**TASK OBJECTIVE:**
Each line below from the one containing "A label for" through the one containing "第二步,然后再输入文本,选择" is to be given again exactly, and no line outside that span.

**PROVIDED RECORDS:**
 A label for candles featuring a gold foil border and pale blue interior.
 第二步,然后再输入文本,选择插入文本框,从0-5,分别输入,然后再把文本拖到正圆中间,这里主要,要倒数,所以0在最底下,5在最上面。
---
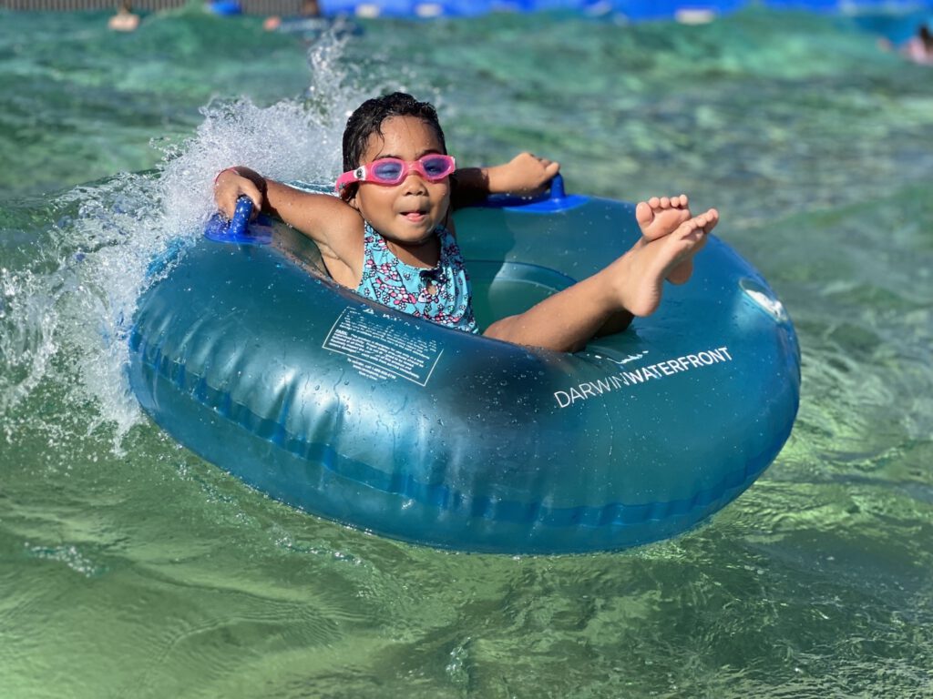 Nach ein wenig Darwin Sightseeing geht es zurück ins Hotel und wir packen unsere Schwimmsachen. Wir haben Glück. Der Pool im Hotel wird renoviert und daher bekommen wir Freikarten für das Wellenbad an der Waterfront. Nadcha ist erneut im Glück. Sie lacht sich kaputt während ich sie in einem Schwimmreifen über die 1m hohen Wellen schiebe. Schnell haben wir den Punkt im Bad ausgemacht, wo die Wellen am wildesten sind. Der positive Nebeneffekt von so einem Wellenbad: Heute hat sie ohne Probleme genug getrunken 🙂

**EXERCISE OUTPUT:**
 A label for candles featuring a gold foil border and pale blue interior.
 第二步,然后再输入文本,选择插入文本框,从0-5,分别输入,然后再把文本拖到正圆中间,这里主要,要倒数,所以0在最底下,5在最上面。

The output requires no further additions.